ASSIGNMENT: Under this line is a listing; return exactly the lines starting at the one with "A wooden tray" and running down to the one with "N180 dusjhjørne består", and leave out its pictures.

DATASET EXTRACT:
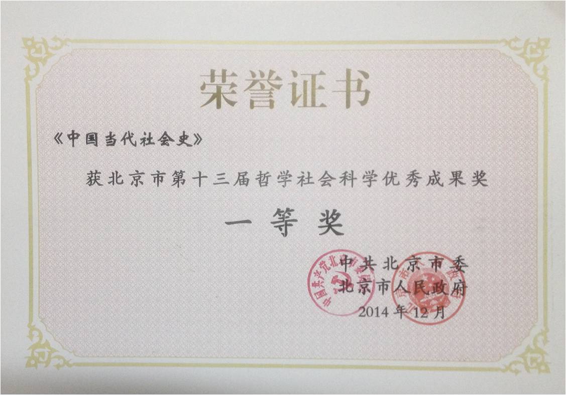 《中国当代社会史》荣获北京市第十三届哲学社科优秀成果一等奖 发布时间: 2015-01-19
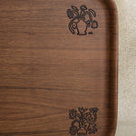 A wooden tray with Jogen’s Flower Vase art, serving with an artistic touch.
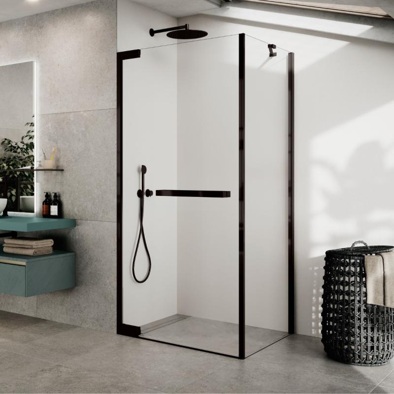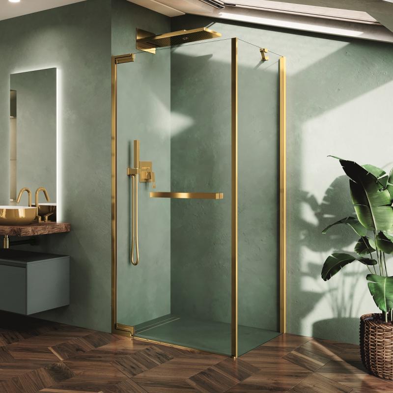 N180 dusjhjørne består av dør og fastvegg. Bredde på dør og fastvegg kan være ulik. Her vist i str 90x90cm i børstet messing overflate. Dør og fastvegg kan monteres både som høyre og venstre løsning. 8mm tykkelse på glasset og behagelig soft-close lukking på døren. Profiler i 5 ulike overflater og bredde 80-100cm. Pris komplett for 90x90 som avbildet i børstet messing og sort matt.
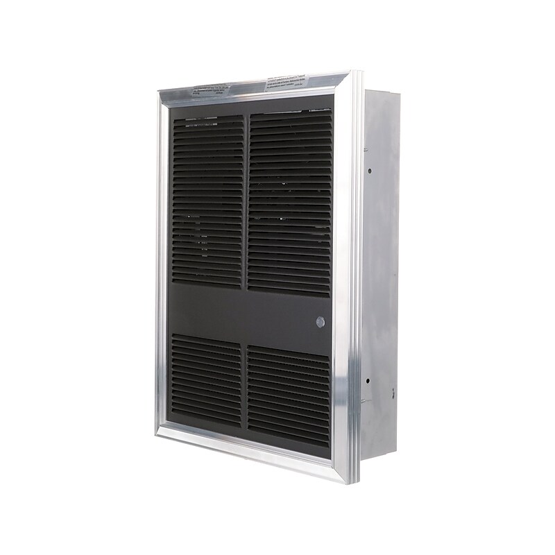 TPI 3320 Series commercial fan-forced wall heater features a heavy 18 gauge steel housing with an extruded aluminum frame. The unit has a thermal overload cut-off for added safety, a fan delay switch, a built-in tamperproof thermostat calibrated to provide a range of 0 degrees F to 110 degrees F, and a manual disconnect switch. Electric fan-forced air heater quickly heats up the space and provides you with the much-needed warmth. Output power: 1500W of comforting warmth; maximum BTUs: 5120BTU/h. Overheat protection: heater will instantly shut off to prevent overheating. Features built-in single-pole tamperproof thermostat. Powder-coated 18-gauge steel grill with extruded aluminum front frame. Sealed tubular heating element with large parallel steel fins for quick heat transfer. Low-speed 600 rpm four-pole motor drives a vane axial blower to deliver a quiet air downflow at 175 cfm. Equipped with disconnect switch, automatic fan delay circuit, and automatic reset thermal limit. Meets or exceeds ETL Listed Mark standard. Required voltage: 120V (12. 5A). Rough-in dimensions: 19. 5"H x 14. 13"W x 4"D; grill dimensions: 20. 84"H x 15. 91"W. Made in the USA. 1-year manufacturer limited warranty. ⚠ WARNING: This product can expose you to chemicals including nickel which is known to the State of California to cause cancer, and chromium which is known to the State of California to cause birth defects and/or reproductive harm. For information go to www. P65Warnings. ca. gov.

ANSWER BOX:
 A wooden tray with Jogen’s Flower Vase art, serving with an artistic touch.
 N180 dusjhjørne består av dør og fastvegg. Bredde på dør og fastvegg kan være ulik. Her vist i str 90x90cm i børstet messing overflate. Dør og fastvegg kan monteres både som høyre og venstre løsning. 8mm tykkelse på glasset og behagelig soft-close lukking på døren. Profiler i 5 ulike overflater og bredde 80-100cm. Pris komplett for 90x90 som avbildet i børstet messing og sort matt.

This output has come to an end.